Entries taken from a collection
# # #

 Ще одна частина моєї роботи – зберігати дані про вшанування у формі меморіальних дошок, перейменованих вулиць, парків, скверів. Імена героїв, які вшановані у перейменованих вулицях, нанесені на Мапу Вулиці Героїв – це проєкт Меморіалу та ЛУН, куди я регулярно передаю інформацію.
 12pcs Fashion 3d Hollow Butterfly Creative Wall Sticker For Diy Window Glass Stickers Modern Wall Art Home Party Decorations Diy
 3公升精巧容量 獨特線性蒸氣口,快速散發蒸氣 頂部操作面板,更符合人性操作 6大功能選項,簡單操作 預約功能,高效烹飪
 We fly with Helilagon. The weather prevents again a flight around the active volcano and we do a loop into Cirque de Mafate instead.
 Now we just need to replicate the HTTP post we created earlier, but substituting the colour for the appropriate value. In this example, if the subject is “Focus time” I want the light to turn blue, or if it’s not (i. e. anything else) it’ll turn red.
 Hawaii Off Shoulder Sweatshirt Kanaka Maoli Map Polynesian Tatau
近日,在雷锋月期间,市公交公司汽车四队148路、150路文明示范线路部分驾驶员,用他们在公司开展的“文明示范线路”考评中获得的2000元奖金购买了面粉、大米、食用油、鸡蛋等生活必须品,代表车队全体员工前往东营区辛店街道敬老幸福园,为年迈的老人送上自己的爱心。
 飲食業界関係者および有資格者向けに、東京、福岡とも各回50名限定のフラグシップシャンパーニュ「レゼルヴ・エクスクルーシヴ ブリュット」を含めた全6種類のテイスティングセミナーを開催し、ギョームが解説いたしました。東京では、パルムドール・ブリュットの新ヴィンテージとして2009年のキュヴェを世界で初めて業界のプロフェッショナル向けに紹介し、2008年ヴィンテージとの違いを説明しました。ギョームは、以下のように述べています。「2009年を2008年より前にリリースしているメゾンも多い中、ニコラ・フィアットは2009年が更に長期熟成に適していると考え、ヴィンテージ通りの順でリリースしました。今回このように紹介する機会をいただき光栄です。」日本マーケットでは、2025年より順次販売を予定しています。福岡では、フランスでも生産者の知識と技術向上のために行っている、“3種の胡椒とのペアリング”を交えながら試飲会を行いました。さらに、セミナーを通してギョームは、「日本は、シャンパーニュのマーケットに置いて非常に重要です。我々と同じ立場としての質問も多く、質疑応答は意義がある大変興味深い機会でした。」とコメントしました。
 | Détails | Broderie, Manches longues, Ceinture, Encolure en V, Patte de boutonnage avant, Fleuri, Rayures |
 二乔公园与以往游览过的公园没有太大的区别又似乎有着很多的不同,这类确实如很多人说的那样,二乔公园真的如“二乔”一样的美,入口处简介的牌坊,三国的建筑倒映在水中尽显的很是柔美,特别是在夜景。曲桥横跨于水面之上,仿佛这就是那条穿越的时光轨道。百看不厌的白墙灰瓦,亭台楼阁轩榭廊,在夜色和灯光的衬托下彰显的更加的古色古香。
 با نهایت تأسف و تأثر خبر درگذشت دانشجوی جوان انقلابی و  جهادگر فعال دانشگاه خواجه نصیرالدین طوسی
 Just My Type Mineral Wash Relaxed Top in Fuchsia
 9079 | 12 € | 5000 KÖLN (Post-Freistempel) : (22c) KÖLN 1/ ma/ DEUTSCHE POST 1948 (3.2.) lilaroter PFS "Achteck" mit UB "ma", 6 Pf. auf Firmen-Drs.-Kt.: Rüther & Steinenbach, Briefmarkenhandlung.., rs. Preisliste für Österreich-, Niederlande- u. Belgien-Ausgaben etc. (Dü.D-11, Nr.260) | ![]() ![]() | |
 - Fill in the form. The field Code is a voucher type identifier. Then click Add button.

# # #

Problem to work on: Your task is to reproduce the entries exactly, starting at the first line and ending with the line containing "近日,在雷锋月期间,市公交公".

Response to the exercise:
 Ще одна частина моєї роботи – зберігати дані про вшанування у формі меморіальних дошок, перейменованих вулиць, парків, скверів. Імена героїв, які вшановані у перейменованих вулицях, нанесені на Мапу Вулиці Героїв – це проєкт Меморіалу та ЛУН, куди я регулярно передаю інформацію.
 12pcs Fashion 3d Hollow Butterfly Creative Wall Sticker For Diy Window Glass Stickers Modern Wall Art Home Party Decorations Diy
 3公升精巧容量 獨特線性蒸氣口,快速散發蒸氣 頂部操作面板,更符合人性操作 6大功能選項,簡單操作 預約功能,高效烹飪
 We fly with Helilagon. The weather prevents again a flight around the active volcano and we do a loop into Cirque de Mafate instead.
 Now we just need to replicate the HTTP post we created earlier, but substituting the colour for the appropriate value. In this example, if the subject is “Focus time” I want the light to turn blue, or if it’s not (i. e. anything else) it’ll turn red.
 Hawaii Off Shoulder Sweatshirt Kanaka Maoli Map Polynesian Tatau
近日,在雷锋月期间,市公交公司汽车四队148路、150路文明示范线路部分驾驶员,用他们在公司开展的“文明示范线路”考评中获得的2000元奖金购买了面粉、大米、食用油、鸡蛋等生活必须品,代表车队全体员工前往东营区辛店街道敬老幸福园,为年迈的老人送上自己的爱心。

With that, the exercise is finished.